Her last CD, Chills and Fever, which just came out in March of this year, was rooted in old school R&B, featuring a loungey, soulful cover of Barbara Lewis’ ’63 hit “Hello Stranger.” But she pulled up those roots every now and then, gittin’ down and wallowing in the mud for “Crow Jane,” testifyin’ like Dusty Springfield slumming in a Delta jukejoint, playing guitar like Tony Joe White with a headful of acid.
When she was out with Tab Benoit’s 2014 Six Strings Down tour with Tommy Castro, she was more of a rocker, souping up Howling Wolf’s “Who’s Been Talkin’,” cranking out rattly rawk with her oil can guitar on her original “Gone For Good,” then grinding the gears to wring out an acoustic, back in the woods version of the Stones ’71 “Dead Flowers.”
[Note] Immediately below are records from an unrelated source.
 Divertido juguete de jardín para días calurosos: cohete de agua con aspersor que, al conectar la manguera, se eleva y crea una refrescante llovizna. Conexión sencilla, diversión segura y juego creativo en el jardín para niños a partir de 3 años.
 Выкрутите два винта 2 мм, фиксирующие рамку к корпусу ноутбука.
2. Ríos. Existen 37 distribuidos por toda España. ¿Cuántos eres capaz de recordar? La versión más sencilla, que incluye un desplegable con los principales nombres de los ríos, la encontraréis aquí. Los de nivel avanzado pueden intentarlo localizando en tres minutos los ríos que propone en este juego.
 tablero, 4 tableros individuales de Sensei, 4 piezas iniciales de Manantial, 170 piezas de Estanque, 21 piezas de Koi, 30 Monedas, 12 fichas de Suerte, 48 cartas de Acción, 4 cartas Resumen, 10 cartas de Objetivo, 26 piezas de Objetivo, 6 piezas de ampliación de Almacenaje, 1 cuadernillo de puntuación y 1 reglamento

With Luther Dickinson producing and playing on her latest, Belle Of The West, it’s only natural that she’d kick it off with with some hill country blues on “American Dream.” Othar Turner’s granddaugher Sharde Thomas, who has kept the Rising Star Fife and Drum Band going since Turner’s death in ’03, keeps things marching smartly uphill with her flute swirling around Fish’s sinister but chillingly accurate portrait of the current administration’s policy: “Hand on a Bible/Foot on your neck/Living half-past half-mast/And semi-automatic.”
Although she doesn’t refer to it specifically, “Blood In the Water” could be a graphic description of the Myanmar army attack on the Rohingya residents of Tula Toli earlier this year, when Burmese soldiers executed nearly an entire village on the banks of a surrounding river. “Run from your people/Run from your home/I see the panic/I hear the howl/Tell me what did they do now /There is blood in the water,” Fish moans as Thomas’ flute flutters mournfully around her.
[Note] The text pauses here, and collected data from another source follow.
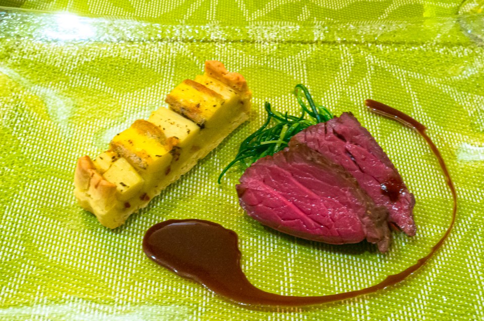 肉料理は,白鷹町の馬肉を使った一皿。
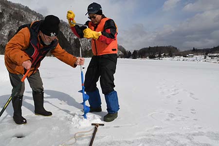 中綱湖穴釣り 今年も断念 大町 漁協が調査 氷薄く注意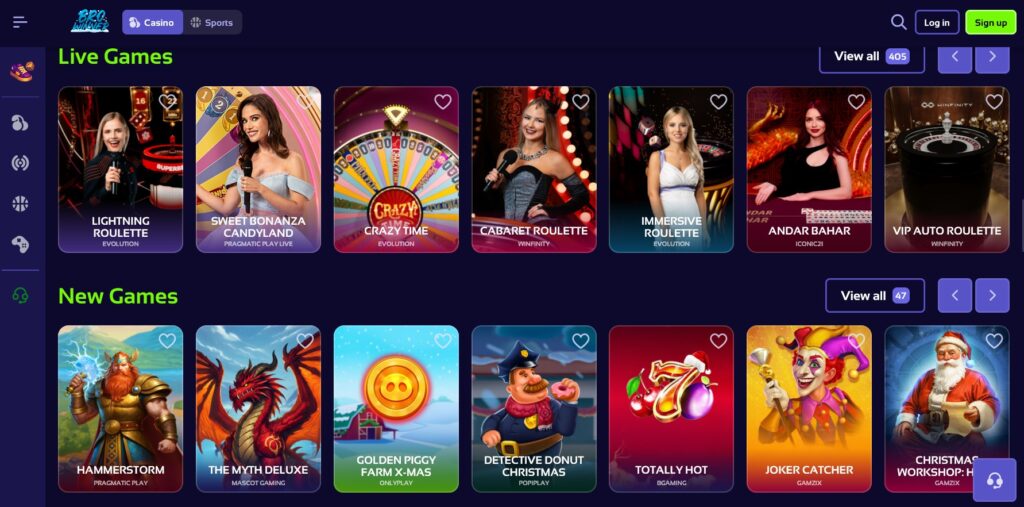 • Large sélection de jeux : slots, jeux de table et live casino.

Jimbo Mathus penned the title cut, Fish pouring out country soul, blending Emmylou Harris and Tammy Wynette.
Fish goes back up the hill for a cover of R.L. Burnside’s “Poor Black Mattie,” letting Lightnin’ Malcolm have the reins while she responds to his calls on an arrangement that sounds like a backwoods hoo-doo throw-down.
She revisits her oil can geetar for “Gone For Good,” not quite as frenetic and raucous as her live version but still plenty rattly and fun to listen to.
An alluring shapeshifter, Fish is as much fun to listen to as she is to watch. The geography may be confusing, but the destination feels like home.